Marion Zimmer Bradley is a favorite author of mine. I also loved Firebrand, which takes a new perspective on Cassandra and the amazons in Homer's Iliad.
when i was growing up (in my very strict catholic home D= ) they drilled into our heads the idea that Mary was positively not a god, but someone who was above the saints and angels. (never mind that fact that with a little research you could easily discover all of the "pagan" goddesses whose attributes and rituals she had "borrowed"!) so we prayed to her, not to be praying to her (because she wasn't a god and could not grant anything...} but so she would pass the word along to her kid, who listened to his mom (like a good son.) but hey, medieval literature is stuffed full of stories of the BVM turning up like someone's fairy godmother to fight off the devil or dragons, or whatever... =P makes you wonder about cinderella... )

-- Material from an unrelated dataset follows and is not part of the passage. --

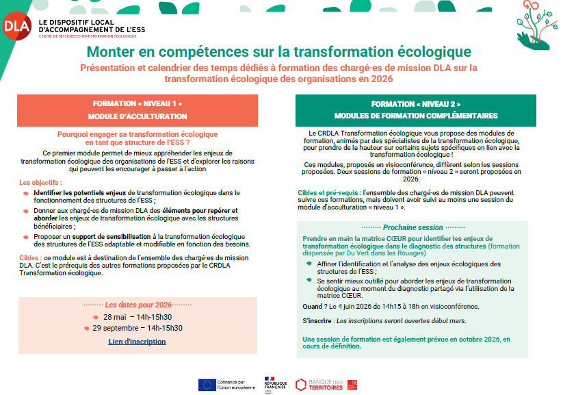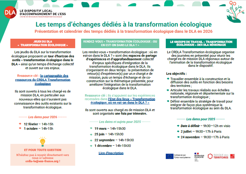 Calendrier des temps d’animation et formations DLA sur la transformation écologique ! A la une, Actualités, Approfondir, En tant que DLA, Formation e-learning Vous êtes chargé·e de mission DLA ? Retrouvez tous les temps d’animation ainsi que les temps de formations proposés par le CRDLA Transformation écologique ! Afficher le calendrier Attention : ces temps sont dédiés aux chargé·es de mission DLA uniquement

you know that a lot of the stuff that the church claims is thousands of years old, is in reality, less than 500 years old. any competent historian could tell you this.
as late as the 1870s, rustic women were still doing the milk, honey, and beer (or wine) ritual to fertilize the soil and honor the goddess of the corn. cows and couples were jumping though fire on beltane in ireland. i, myself, saw the wickerman burned in spain when i was little. he was called judas there... and it happens around easter (surprise, surprise) so it has not been that long ago.
closer to home, my grandma's grandma was a midwife who had to know a lot of herbal lore because there was no other medicine around. that was in the late 1880s or so. and you'd be astonished by how many "tricks" are passed along from nurse to nurse, strictly word of mouth... like what "not" to eat if you "don't" want to lose a pregnancy, or how do do wound care without modern medicine, etc. it turns out that many of those vestigial "old wives' tales" are dead on.
btw, i walked out of the church one day in my surly teen-hood, and never looked back. they treated women like crap and i was sick of it.